DESCRIPTION OF SYMBOLS 10 Printing apparatus 13 Ink supply mechanism 14 Plate cylinder 15 Plate cylinder motor 22 Stage 26 Lifting motor 31 Linear motor 32 Linear motion guide 40 Heating unit 45 Cooling unit 50 Transfer mechanism 90 Control part PA Printing area PK Printing result PL Printing plate PR Pattern area W substrate

Claims (10)

A stage for holding a substrate having a printing area in a horizontal position;
A hollow cylindrical plate cylinder on the outer peripheral surface of which a printing plate having a predetermined pattern of protrusions formed on the surface is mounted;
A supply mechanism for supplying a printing material to the printing plate mounted on the plate cylinder;
A transfer mechanism for transferring the predetermined pattern to the printing region by pressing the printing plate supplied with the printing material against the substrate;
With
The transfer mechanism is
A rotation mechanism that rotates the plate cylinder around a rotation axis along a horizontal direction;
A horizontal movement mechanism for relatively moving the stage holding the substrate and the plate cylinder along a horizontal direction perpendicular to the rotation axis;
Have
A printing apparatus comprising: a plurality of temperature adjustment units that extend in a circumferential direction along a circumferential direction of the plate cylinder in a direction parallel to the rotation axis and adjust the temperature of the plate cylinder. The printing apparatus according to claim 1.
The plurality of temperature adjustment units are:
A heating unit for heating the plate cylinder;
A cooling unit for cooling the plate cylinder;
A printing apparatus comprising: The printing apparatus according to claim 2, wherein
The printing apparatus, wherein the heating unit and the cooling unit are alternately arranged along the circumferential direction on an inner peripheral surface of the plate cylinder.
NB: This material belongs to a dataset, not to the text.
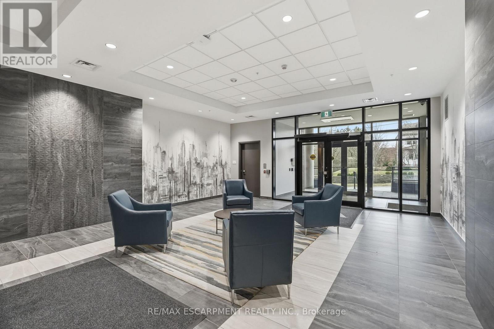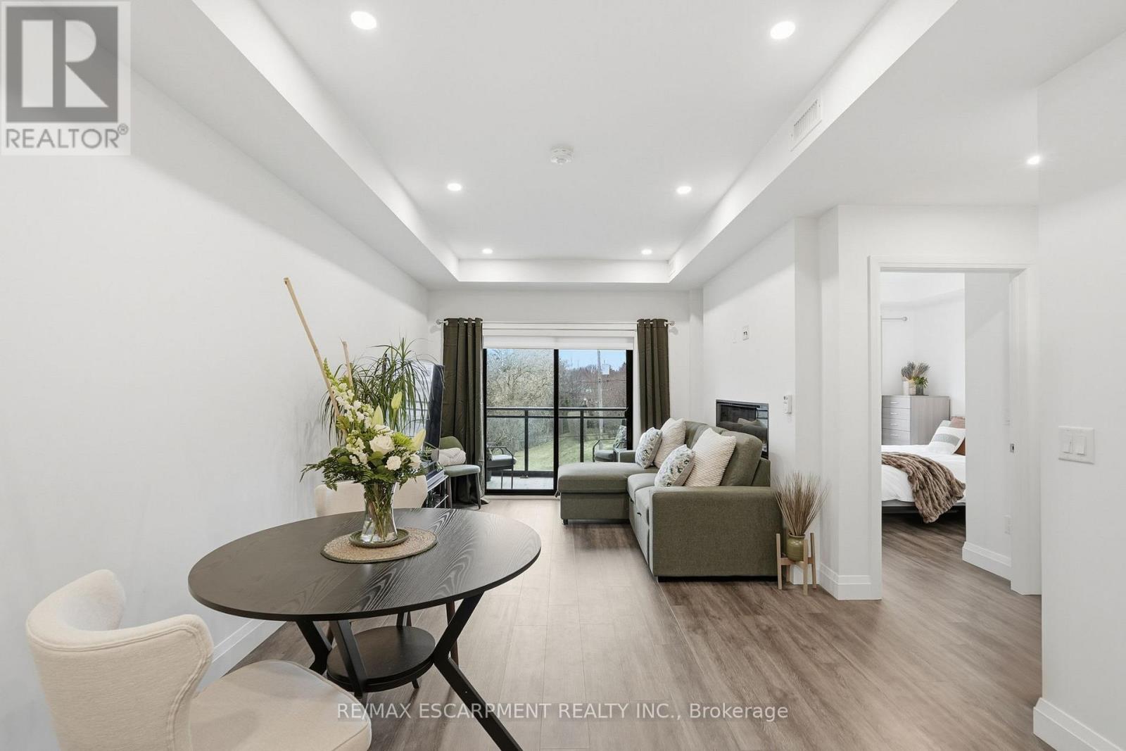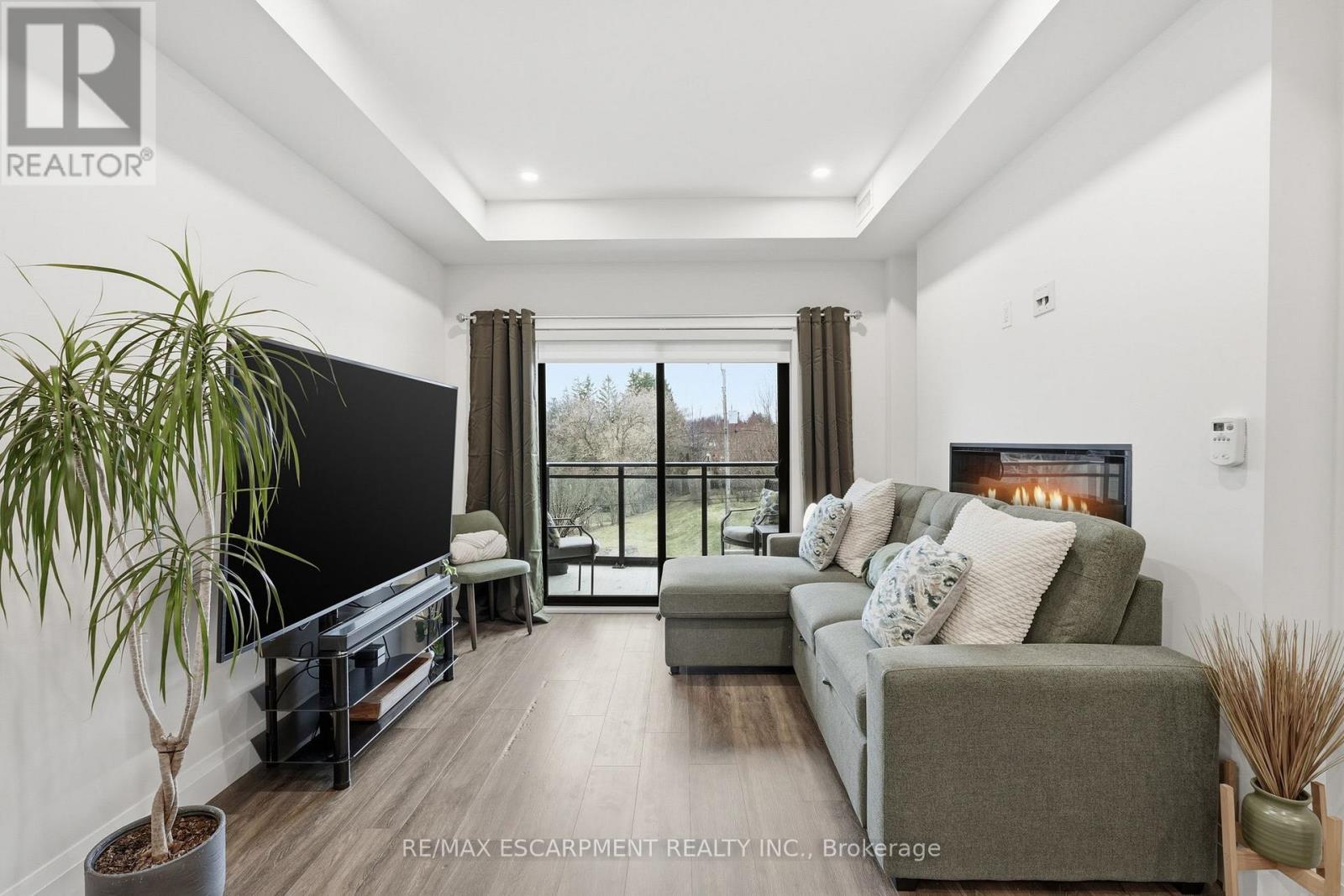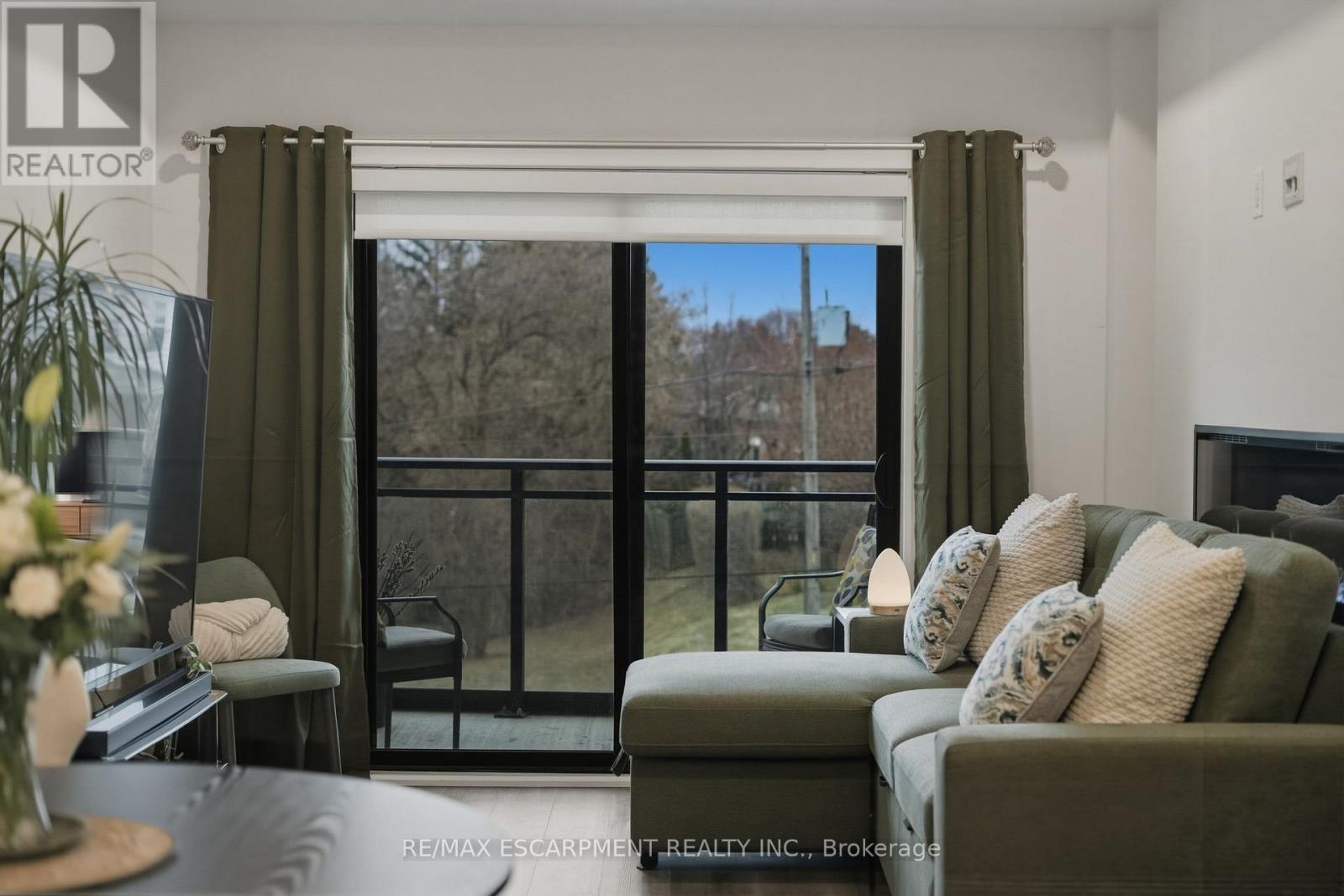 Tucked on a quiet, mature side street in sought-after Waterdown, this stylish south-facing 1-bedroom + Den suite with 1 garage parking and locker at "The View" offers you a rare blend of peaceful surroundings and walkable convenience. Just steps to the quaint downtown core, local shops, and the scenic trails and lookout points along the Niagara Escarpment, the location feels both connected and tucked away. From inside the well-cared for Unit 201, you'll enjoy tranquil views of trees that create a true sense of calm. Thoughtfully designed, the suite features a versatile den ideal for a home office or hobby room, a spacious dining area that can accommodate a full table set, a spacious living room with a wall-mounted electric fireplace, and a private balcony to enjoy. The kitchen is well-appointed with white quartz countertops, stainless steel appliances, and a generous peninsula for everyday living and entertaining. The bedroom easily fits a complete furniture set, while the spa-like bathroom offers a tiled walk-in shower, linen storage, large floating vanity, and a laundry machine closet. This well-maintained 6-year-old building feels like an extension of your home, with concierge/security staff that know your name, a fully equipped gym, expansive party room w prep kitchen, cozy lounge, 6th floor terraces w seating and wonderful views, a pet spa, EV parking, and lots of parking for your guests. While being a quick drive to major highways, GO Stations and major shopping centers; your new home awaits in Unit 201, a peaceful, well-designed suite in Waterdown's most modern yet charming settings. (id:4555)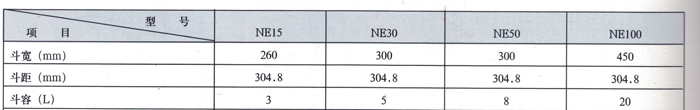 NE斗式提升機料斗注: 1. 表中斗容為計算斗容,輸送量按填充系數(shù)0. 6計算得出。 2. 斗提機料斗用途: 淺料斗:輸送潮濕、易結(jié)塊、難拋出的物料,如濕沙、濕煤等。 深料斗:輸送干燥的、松散的、易拋出的物料,如水泥、煤塊、碎石等。

The printing apparatus according to any one of claims 1 to 3,
The printing apparatus further comprising control means for individually controlling temperatures of the plurality of temperature adjustment units so that a width of the predetermined pattern of the printing plate parallel to the rotation axis coincides with a width of the printing area. apparatus. The printing apparatus according to any one of claims 1 to 4,
The predetermined pattern is a stripe pattern,
The printing apparatus, wherein the printing plate is mounted on the plate cylinder so that a stripe forming direction of convex portions of the printing plate coincides with a circumferential direction of the plate cylinder. A substrate holding step for holding the substrate in which the printing area is defined in a horizontal posture;
A printing plate mounting step for mounting a printing plate having a predetermined pattern of protrusions on the outer surface of a hollow cylindrical plate cylinder;
Supplying a printing material to the printing plate mounted on the plate cylinder;
The printing material is supplied by moving the substrate and the plate cylinder relatively along a horizontal direction perpendicular to the rotation axis while rotating the plate cylinder about a rotation axis along the horizontal direction. A transfer step of pressing the printed plate against the substrate and transferring the predetermined pattern to the printing area;
A temperature adjustment step for adjusting the temperature of the plate cylinder by a plurality of temperature adjustment units provided on the inner peripheral surface of the plate cylinder along the circumferential direction and extending in a direction parallel to the rotation axis;
A printing method comprising: The printing method according to claim 6.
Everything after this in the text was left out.